Her şeyi bilen, tüm işlevlerimize sahip olan, bizi temiz şeylerle rızıklandıran, kendisine dua edene seslendiğinde icabet edebilecek tek varlık olan, her şeyi yapmaya gücü yeten, bize zarar veren bu etkenler de dahil her şeyin gerçekleşmesi kendisinin kontrolünde ve izniyle gerçekleşen Allah’tır.

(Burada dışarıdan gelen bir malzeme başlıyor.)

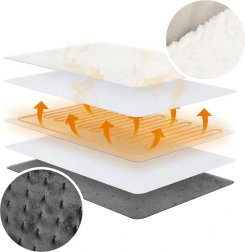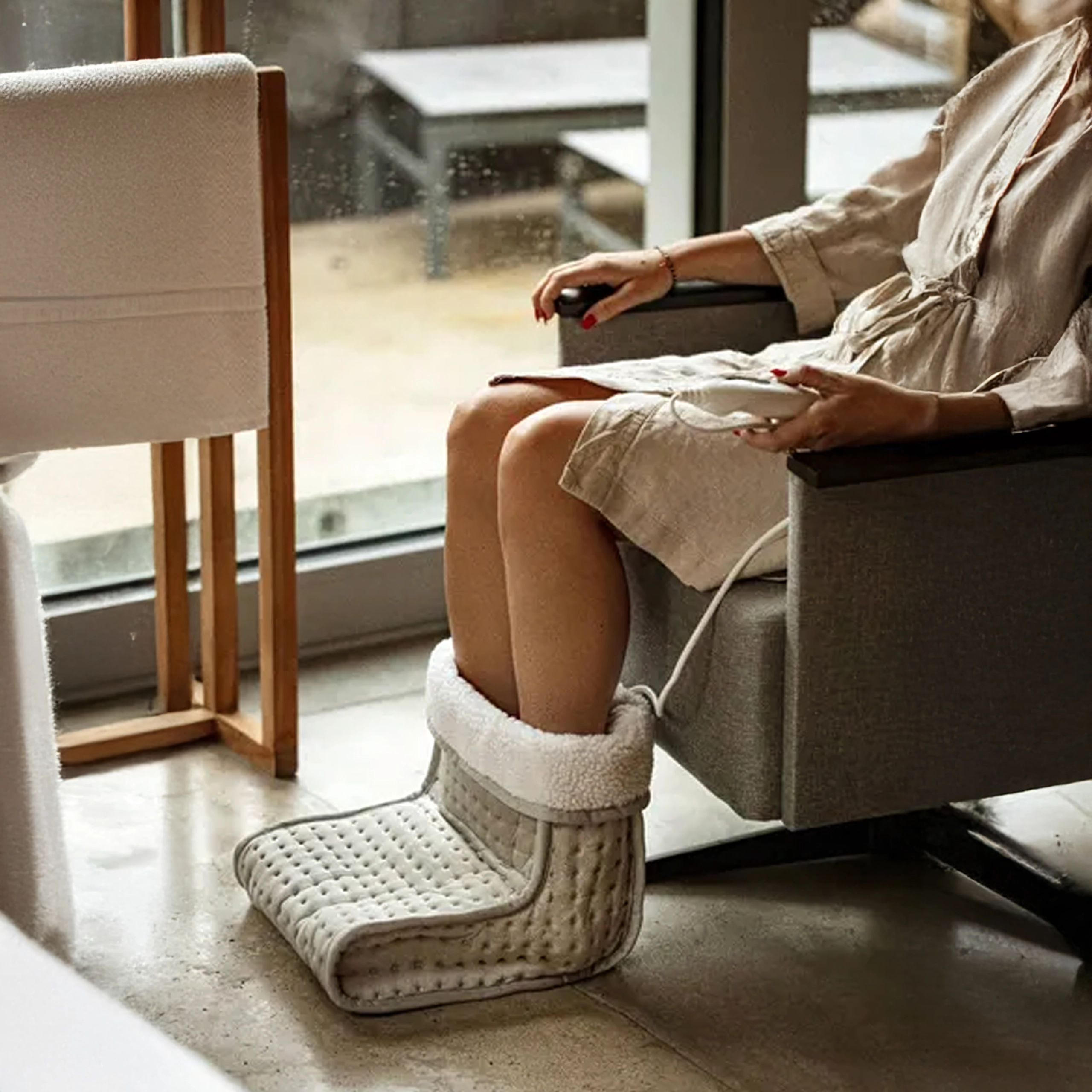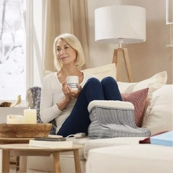 С 9 степени на нагряване избирате точно такава топлина, каквато ви е необходима – от нежно затопляне до интензивно сгряване след завръщане от студа. Таймерът (60–240 мин) с автоматично изключване повишава безопасността и пести енергия. Конструкция за двата крака, меко подплащане и дишащи материали осигуряват комфорт дори при по-дълго седене.

İşte rabblikte sahip olduğu bu özellikler, ibadete de yalnızca O’nun layık olduğunu bize ispatlayan şeylerdir. O yüzden yalnızca O’na yöneliyoruz, kaplerimizi O’na bağlıyoruz, O’na yalvarıyoruz, başımız sıkıştığında O’ndan yardım diliyoruz, O’na tevekkül ediyoruz, O’na secde ediyoruz; ibadetin tüm türlerini yalnızca O’na yöneltiyoruz.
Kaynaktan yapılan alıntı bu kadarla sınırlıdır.